- **Records from a data source**:
--
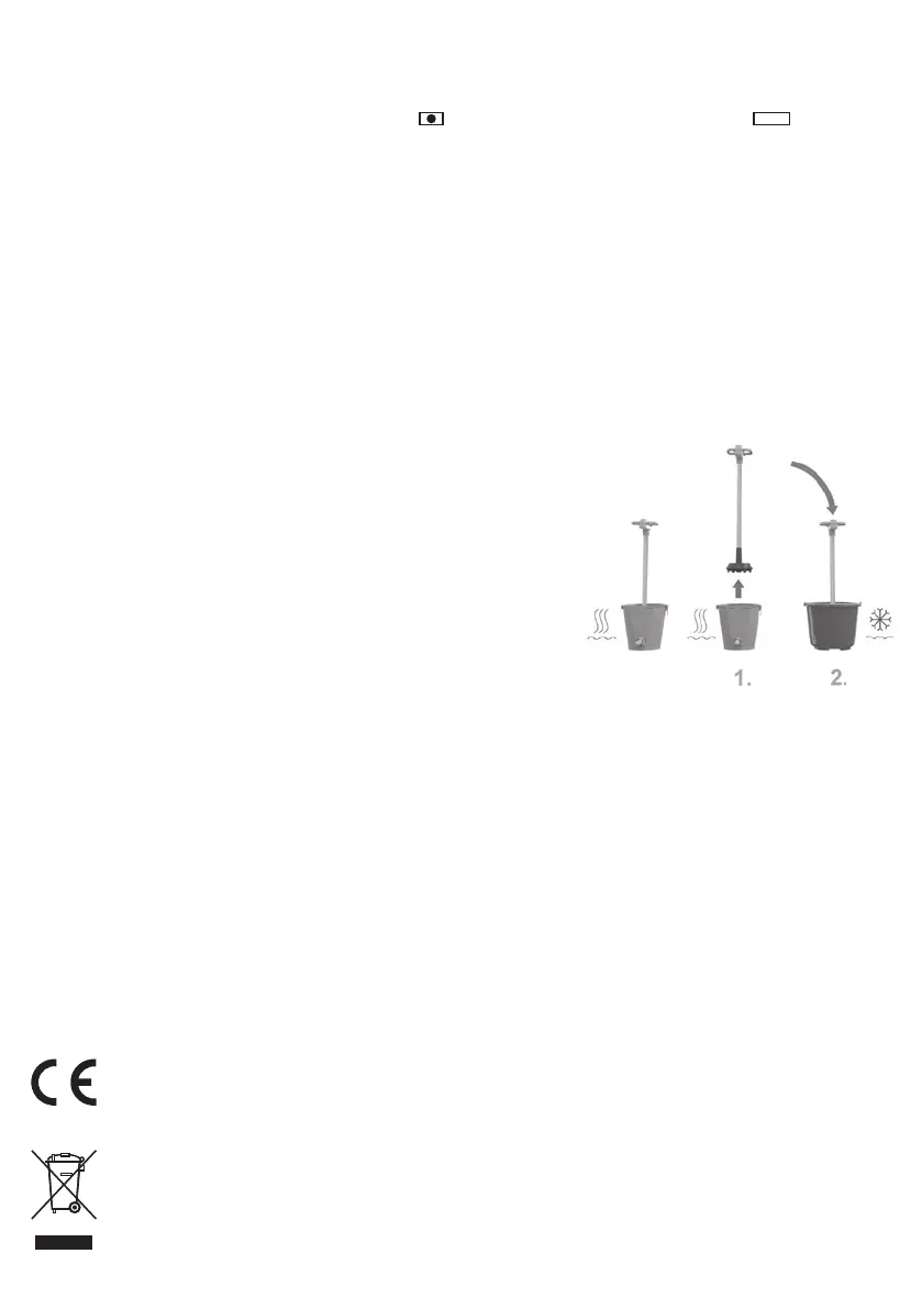 og træk stikket ud af stikdåsen. Lad kalvemælkevarmeren stå med væsken nogle minutter endnu, inden du tager
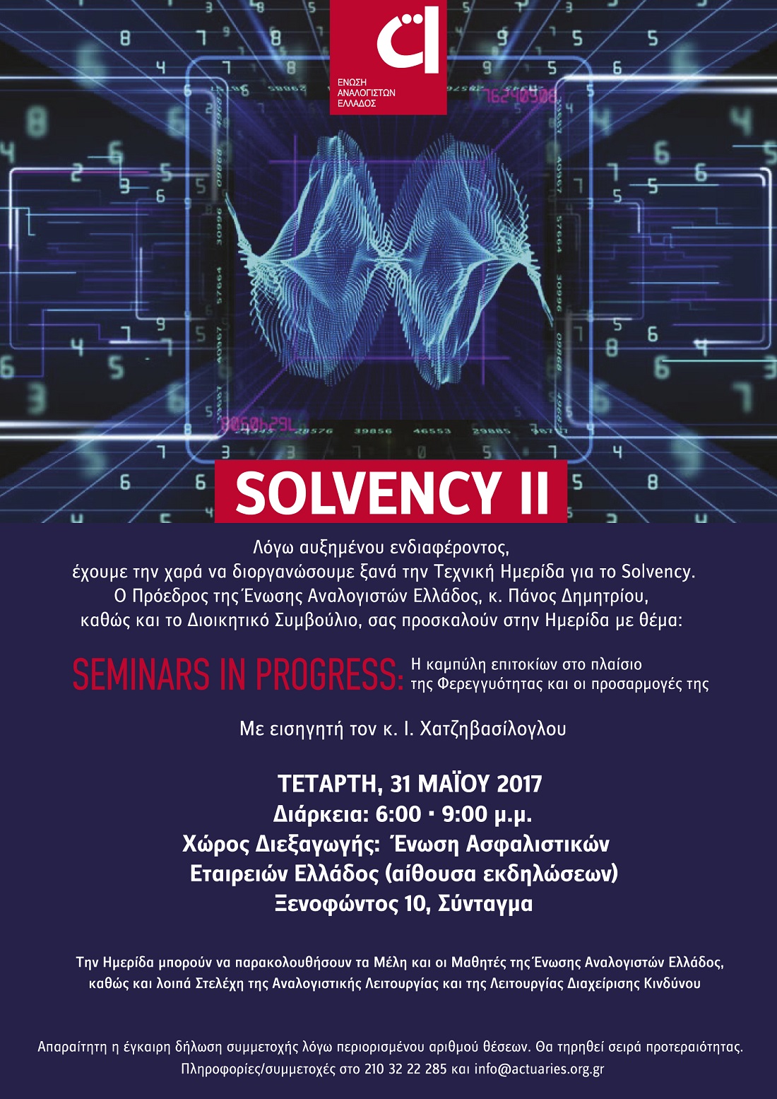 Η επιτυχία που σημείωσε προ ολίγων ημερών η Τεχνική Ημερίδα για το Solvency ΙΙ με εισηγητή τον κ. Ι. Χατζηβασίλογλου καθώς και το αυξημένο ενδιαφέρον για επανάληψή της προκειμένου να την παρακολουθήσουν περισσότεροι ενδιαφερόμενοι, μας δίνει τη χαρά να σας προσκαλέσουμε ξανά, στην εξής διοργάνωση:
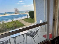This charming two-room apartment is located on the ground floor of a well-maintained residential complex in Sveti Vlas, a popular holiday destination on the beautiful Bulgarian Black Sea coast. The apartment offers stunning sea views and is just a few minutes’ walk from the beach, making it an ideal choice for holidays or as an investment for vacation rentals.
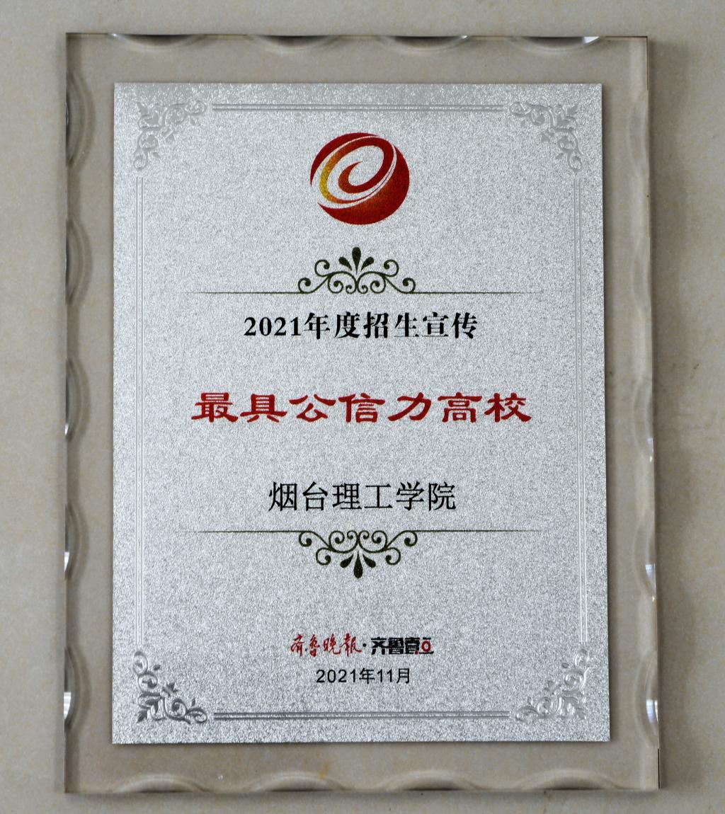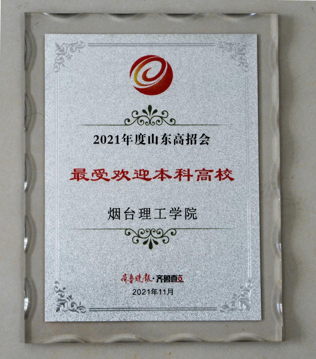近日,由齐鲁晚报·齐鲁壹点举办的山东高考交流会暨智库年会和颁奖典礼在山东新闻大厦隆重举行。烟台理工学院再次荣获2021年度招生宣传“最具公信力高校”,这是我校连续三次获得该奖项。并首次获得山东高招会“最受欢迎本科高校”荣誉称号。我校校长于光辉教授被聘为教育应用与传播研究中心“智库特聘专家”,招生就业处处长李洁获评2021年度“招生宣传创新奖”。
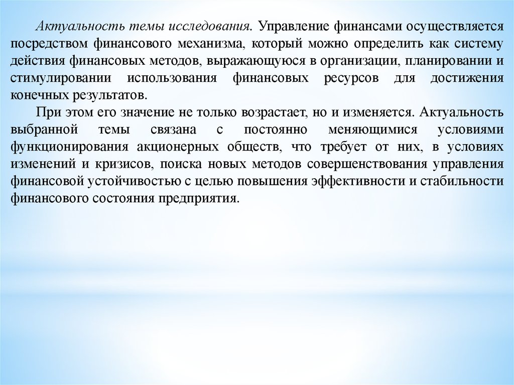 Актуальность темы исследования. Управление финансами осуществляетсяпосредством финансового механизма, который можно определить как систему
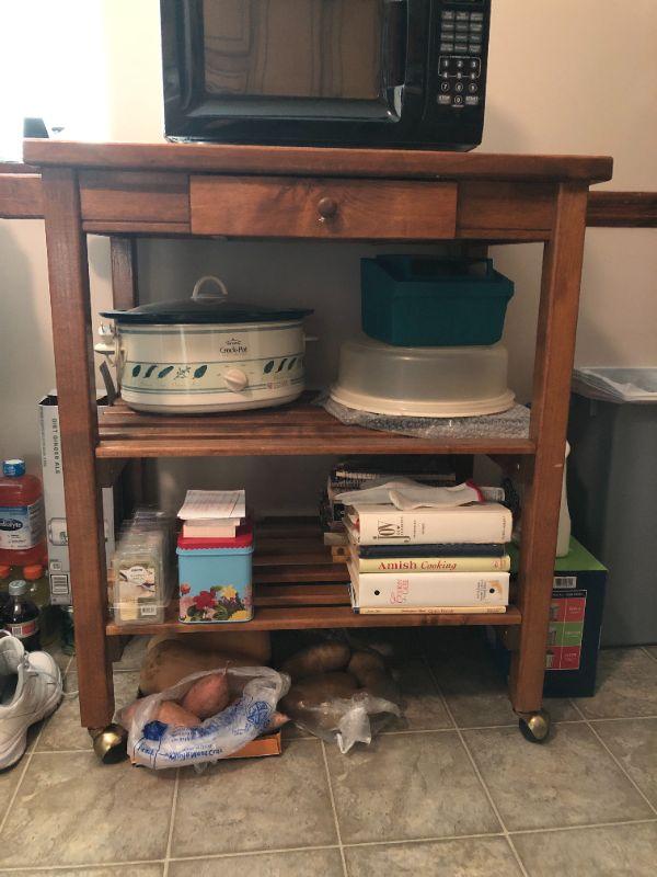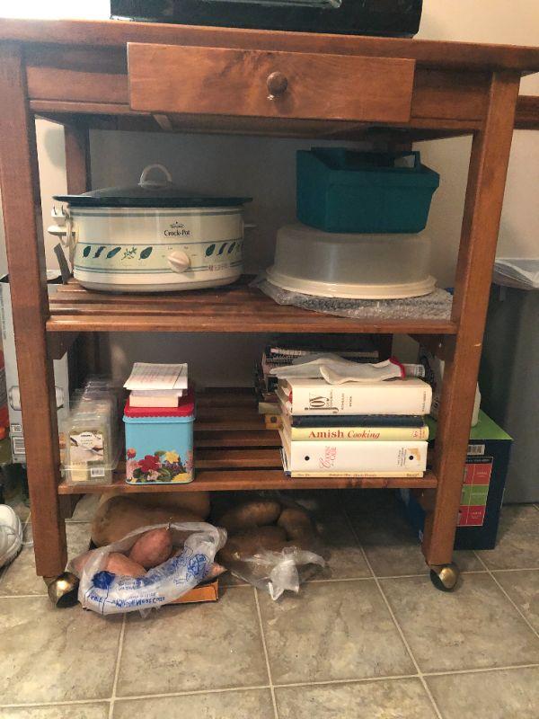 Excellent Condition - Island on wheels, with towel holder and 2 shelves
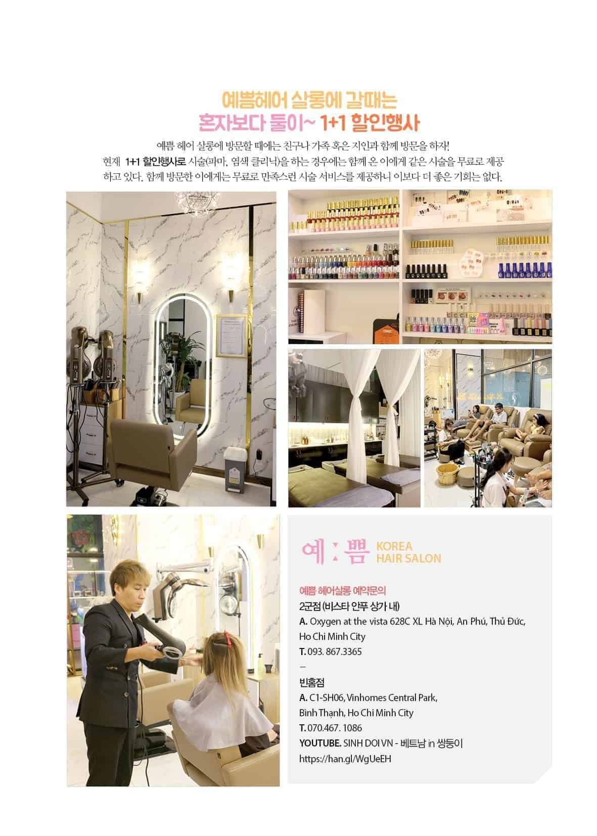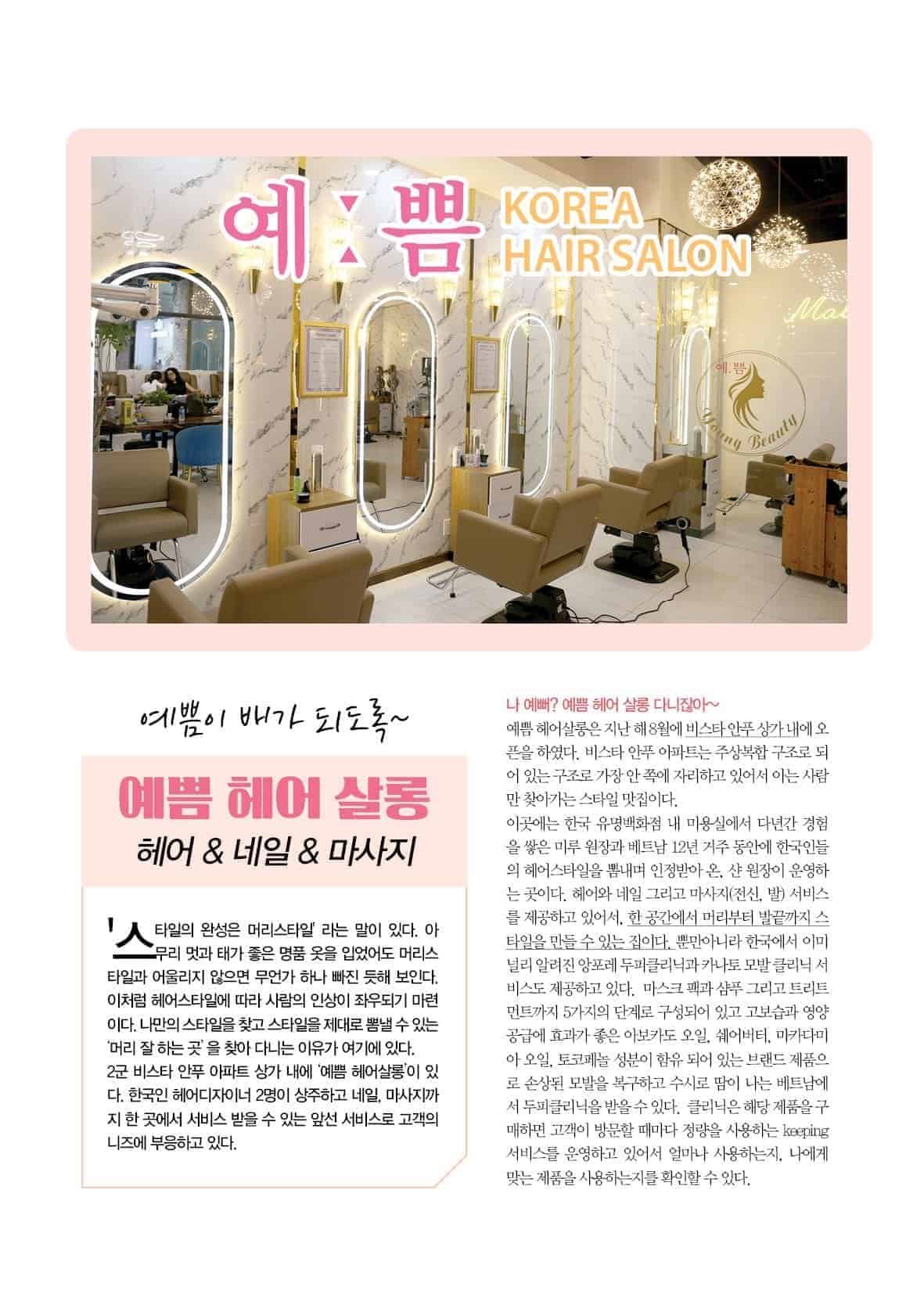 2군 비스타 안푸 아파트 상가 내에 ‘예쁨 헤어살롱’이 있다. 한국인 헤어디자이너 2명이 상주하고 네일, 마사지까지 한 곳에서 서비스 받을 수 있는 앞선 서비스로 고객의 니즈에 부응하고 있다.
--
- **WHAT YOU NEED TO DO**: Copy the final stretch of lines, starting at the one that holds "Η επιτυχία που" and ending at the last line of the data, exactly; omit pictures.

- **WRITTEN SOLUTION**:
 Η επιτυχία που σημείωσε προ ολίγων ημερών η Τεχνική Ημερίδα για το Solvency ΙΙ με εισηγητή τον κ. Ι. Χατζηβασίλογλου καθώς και το αυξημένο ενδιαφέρον για επανάληψή της προκειμένου να την παρακολουθήσουν περισσότεροι ενδιαφερόμενοι, μας δίνει τη χαρά να σας προσκαλέσουμε ξανά, στην εξής διοργάνωση:
This charming two-room apartment is located on the ground floor of a well-maintained residential complex in Sveti Vlas, a popular holiday destination on the beautiful Bulgarian Black Sea coast. The apartment offers stunning sea views and is just a few minutes’ walk from the beach, making it an ideal choice for holidays or as an investment for vacation rentals.
近日,由齐鲁晚报·齐鲁壹点举办的山东高考交流会暨智库年会和颁奖典礼在山东新闻大厦隆重举行。烟台理工学院再次荣获2021年度招生宣传“最具公信力高校”,这是我校连续三次获得该奖项。并首次获得山东高招会“最受欢迎本科高校”荣誉称号。我校校长于光辉教授被聘为教育应用与传播研究中心“智库特聘专家”,招生就业处处长李洁获评2021年度“招生宣传创新奖”。
 Актуальность темы исследования. Управление финансами осуществляетсяпосредством финансового механизма, который можно определить как систему
 Excellent Condition - Island on wheels, with towel holder and 2 shelves
 2군 비스타 안푸 아파트 상가 내에 ‘예쁨 헤어살롱’이 있다. 한국인 헤어디자이너 2명이 상주하고 네일, 마사지까지 한 곳에서 서비스 받을 수 있는 앞선 서비스로 고객의 니즈에 부응하고 있다.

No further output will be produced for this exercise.